__Goal of the exercise__
Word-for-word reproduction, images excluded: copy every entry below.

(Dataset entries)
================================

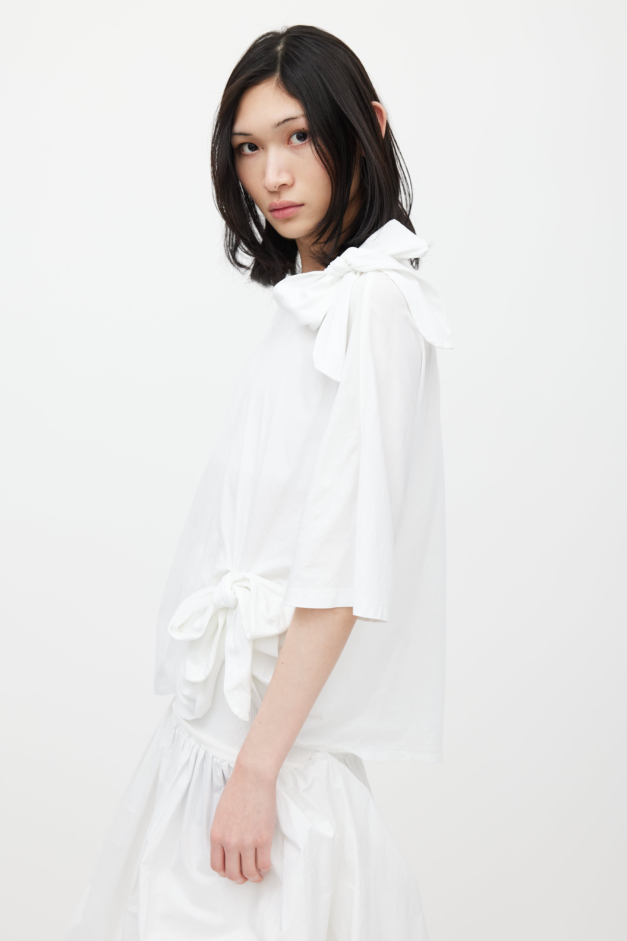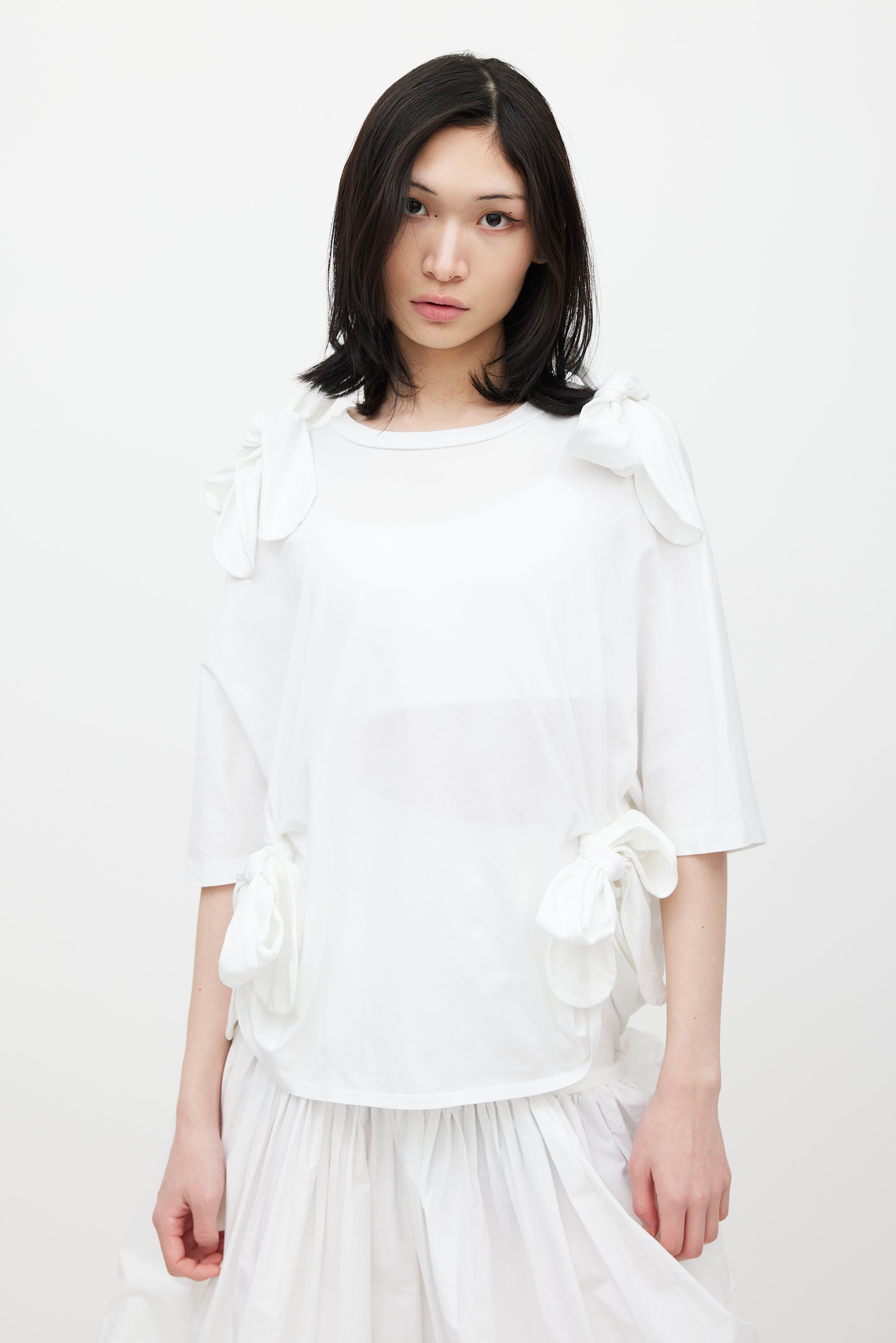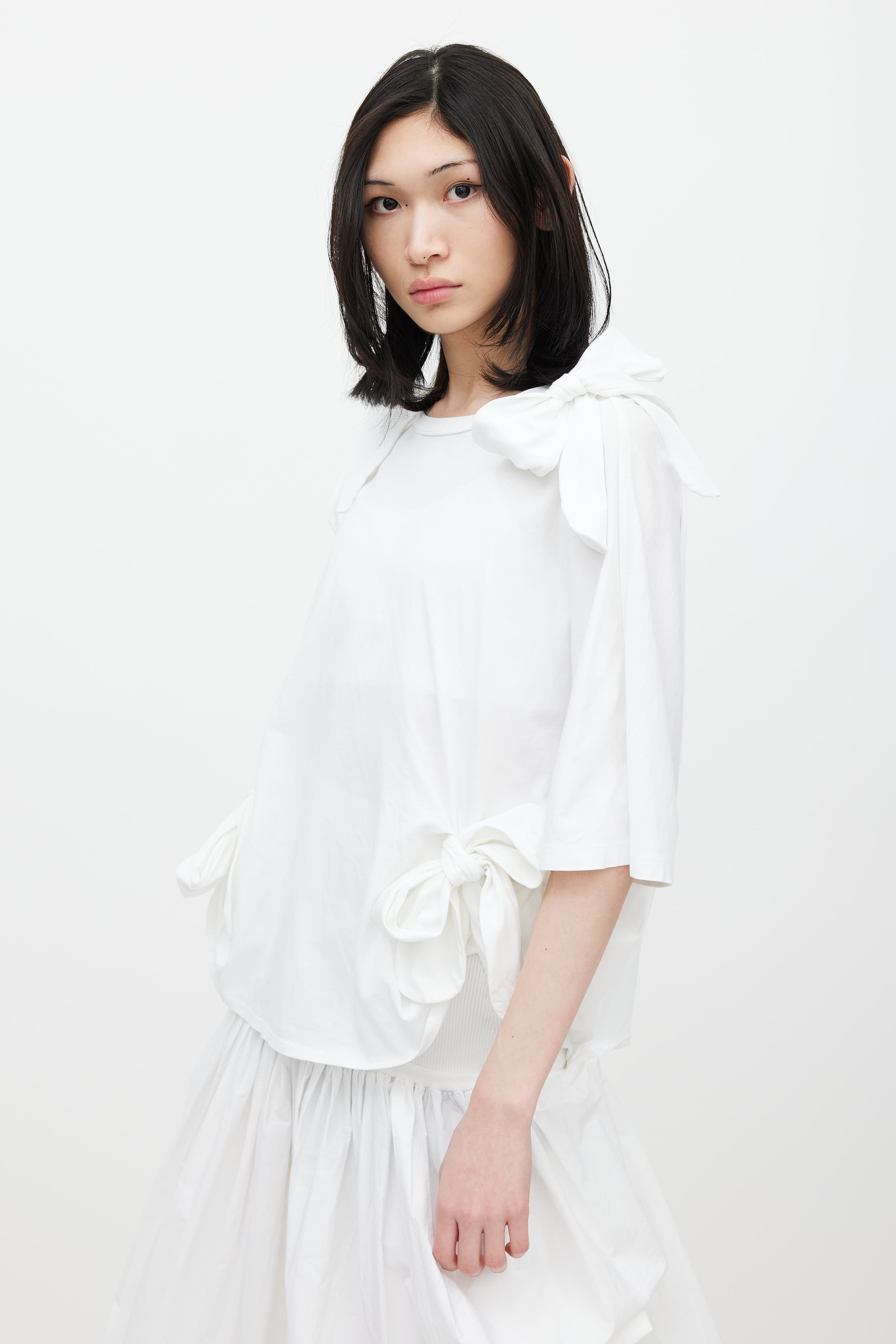 Pre-owned Simone Rocha white T-shirt featuring a round neckline, knotted tie detailing throughout, and short batwing sleeves.
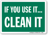 We carry workplace housekeeping signs covering keep area clean, clean up after yourself, good housekeeping prevents accidents, and return tools to storage reminders. Signs are available in aluminum, plastic, and adhesive vinyl for posting at workstations, break rooms, production floors, and storage areas - serving as daily visual reminders that support 5S programs and OSHA housekeeping compliance.
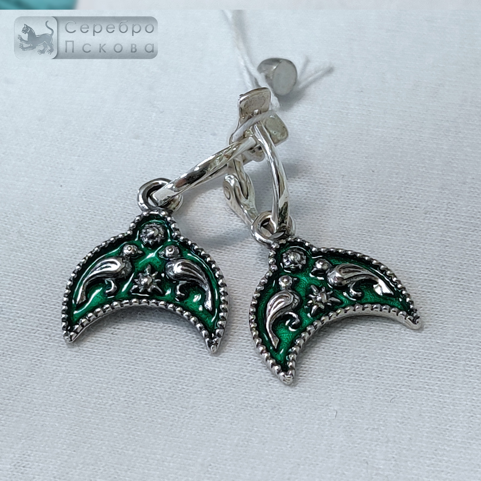 Серьги «Лунница с птичками» — уникальное украшение ручной работы от псковских мастеров, созданное из серебра 925 пробы и украшенное яркой горячей эмалью. Эти серебряные серьги воплощают древнеславянские традиции, где каждый элемент несёт глубокий символический смысл. Главный мотив — лунница с двумя птичками, символизирующая слияние двух душ, любовь, верность и гармонию. Считалось, что такой орнамент помогает найти свою пару или сохранить уже существующую связь. Каждая серьга изготавливается вручную, а нанесённая горячая эмаль придаёт рисунку насыщенность и долговечность. Украшение не тускнеет со временем, а чернение серебра подчёркивает глубину и выразительность деталей.
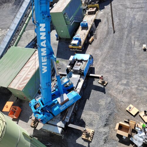 Mithilfe unserer hauseigenen Spedition werden zudem Personalcontainer für den Aufenthalt und die Unterbringung an der Baustelle sowie Hubsteiger und weitere größere Arbeitsgeräte transportiert.
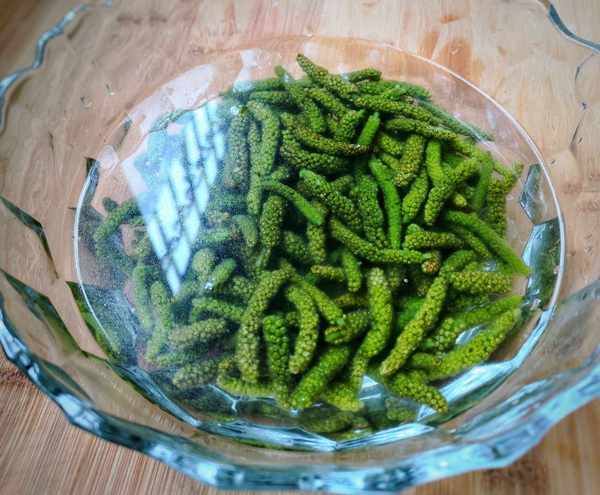 2、把枸树穗用盐水泡十分钟后,洗净,锅中加水烧开,将构树穗焯水2分钟,捞出后冷水冲一下,沥干水分备用。
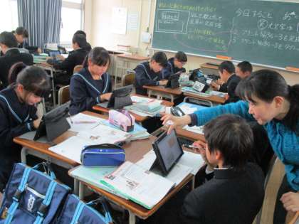 写真は、本日(1日)、1年生の英語の授業の様子です(担当は脇田教諭)。例文を参考にして、グループごとに横堤中学校の紹介文を英語で作成するという内容です。生徒たちはタブレット端末を巧みに操作しながら、事前にワークシートを使って作成した英文を入力していました。英語を使った表現力がグングン高まってきていることがわかります。プレゼンテーションが楽しみです!
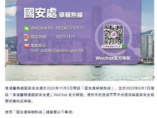 香港国安处微信官方帐号今启用市民可作举报
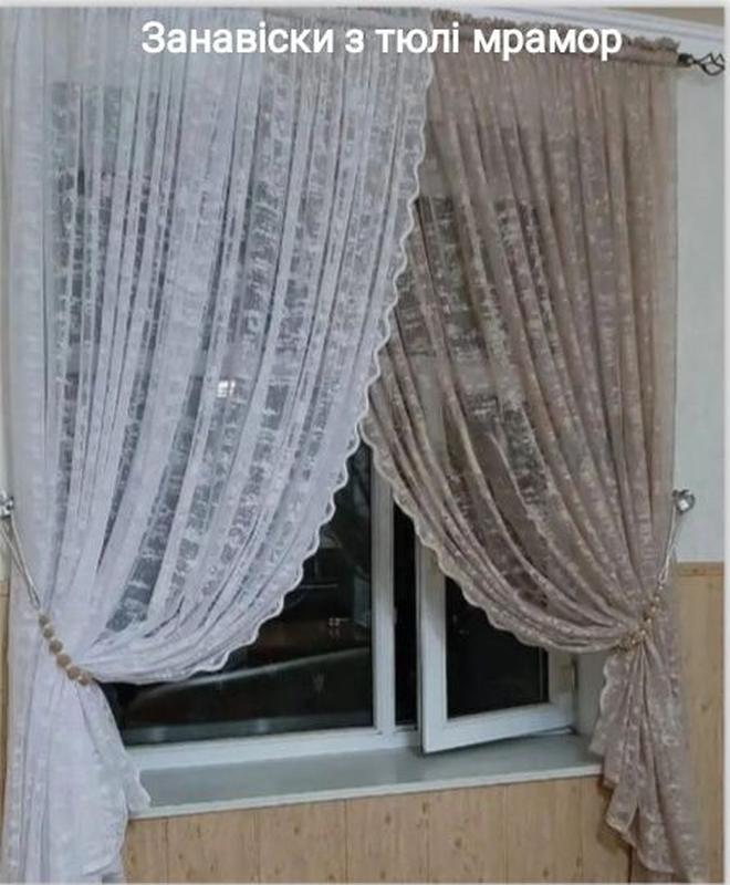 Красиві занавіски з сучасної тюлі під мрамор на різну ширину карнизу. В наявності є декілька кольорів: білий, молочний, сірий, хакі. Тканина м"яка, не потрібно прасувати після прання.
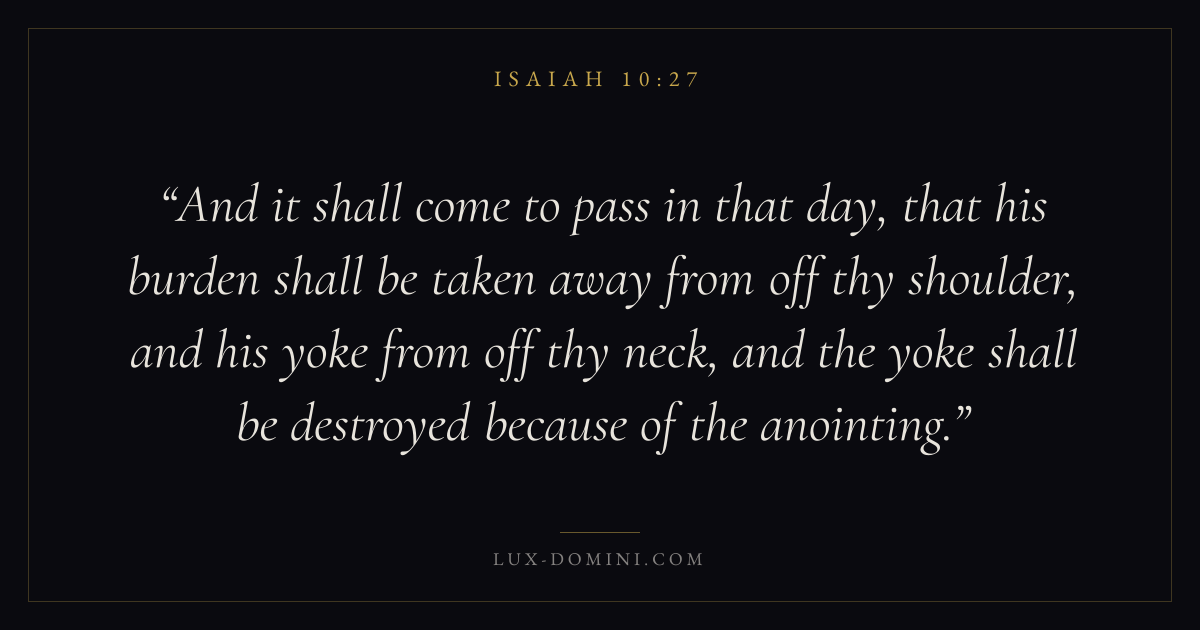 And it shall come to pass in that day, that his burden shall be taken away from off thy shoulder, and his yoke from off thy neck, and the yoke shall be destroyed because of the anointing.
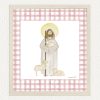 Esta lámina con nuestra virgencita hace pareja con la oración del Ave María del mismo color, ambas decoradas al rededor con una franja de cuadros vichy, ideal para decorar una habitación infantil. Disponible en varios colores diferentes.
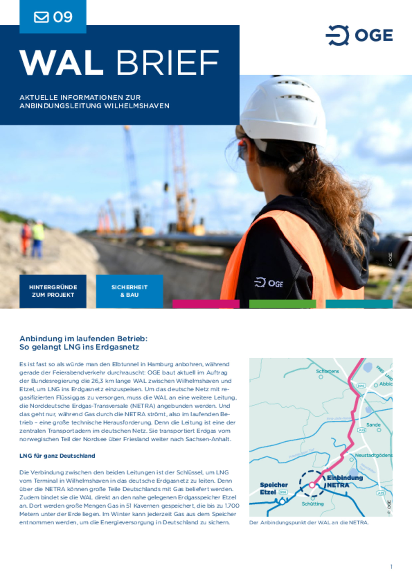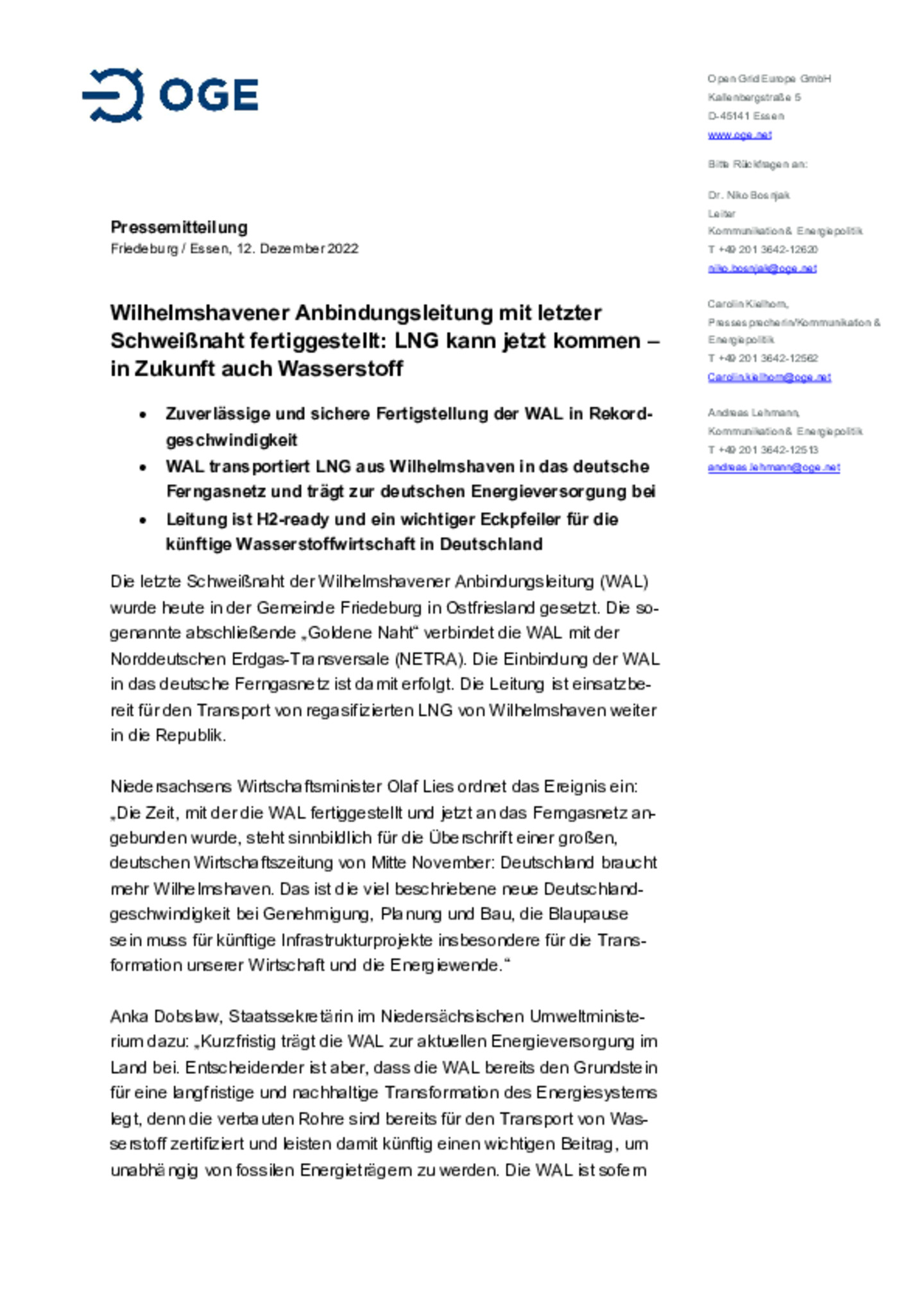 Zuverlässige und sichere Fertigstellung der WAL in Rekordgeschwindigkeit. WAL transportiert LNG aus Wilhelmshaven in das deutsche Ferngasnetz und trägt zur deutschen Energieversorgung bei. Leitung …ist H2-ready und ein wichtiger Eckpfeiler für die künftige Wasserstoffwirtschaft in Deutschland

================================

__Exercise response__
 Pre-owned Simone Rocha white T-shirt featuring a round neckline, knotted tie detailing throughout, and short batwing sleeves.
 We carry workplace housekeeping signs covering keep area clean, clean up after yourself, good housekeeping prevents accidents, and return tools to storage reminders. Signs are available in aluminum, plastic, and adhesive vinyl for posting at workstations, break rooms, production floors, and storage areas - serving as daily visual reminders that support 5S programs and OSHA housekeeping compliance.
 Серьги «Лунница с птичками» — уникальное украшение ручной работы от псковских мастеров, созданное из серебра 925 пробы и украшенное яркой горячей эмалью. Эти серебряные серьги воплощают древнеславянские традиции, где каждый элемент несёт глубокий символический смысл. Главный мотив — лунница с двумя птичками, символизирующая слияние двух душ, любовь, верность и гармонию. Считалось, что такой орнамент помогает найти свою пару или сохранить уже существующую связь. Каждая серьга изготавливается вручную, а нанесённая горячая эмаль придаёт рисунку насыщенность и долговечность. Украшение не тускнеет со временем, а чернение серебра подчёркивает глубину и выразительность деталей.
 Mithilfe unserer hauseigenen Spedition werden zudem Personalcontainer für den Aufenthalt und die Unterbringung an der Baustelle sowie Hubsteiger und weitere größere Arbeitsgeräte transportiert.
 2、把枸树穗用盐水泡十分钟后,洗净,锅中加水烧开,将构树穗焯水2分钟,捞出后冷水冲一下,沥干水分备用。
 写真は、本日(1日)、1年生の英語の授業の様子です(担当は脇田教諭)。例文を参考にして、グループごとに横堤中学校の紹介文を英語で作成するという内容です。生徒たちはタブレット端末を巧みに操作しながら、事前にワークシートを使って作成した英文を入力していました。英語を使った表現力がグングン高まってきていることがわかります。プレゼンテーションが楽しみです!
 香港国安处微信官方帐号今启用市民可作举报
 Красиві занавіски з сучасної тюлі під мрамор на різну ширину карнизу. В наявності є декілька кольорів: білий, молочний, сірий, хакі. Тканина м"яка, не потрібно прасувати після прання.
 And it shall come to pass in that day, that his burden shall be taken away from off thy shoulder, and his yoke from off thy neck, and the yoke shall be destroyed because of the anointing.
 Esta lámina con nuestra virgencita hace pareja con la oración del Ave María del mismo color, ambas decoradas al rededor con una franja de cuadros vichy, ideal para decorar una habitación infantil. Disponible en varios colores diferentes.
 Zuverlässige und sichere Fertigstellung der WAL in Rekordgeschwindigkeit. WAL transportiert LNG aus Wilhelmshaven in das deutsche Ferngasnetz und trägt zur deutschen Energieversorgung bei. Leitung …ist H2-ready und ein wichtiger Eckpfeiler für die künftige Wasserstoffwirtschaft in Deutschland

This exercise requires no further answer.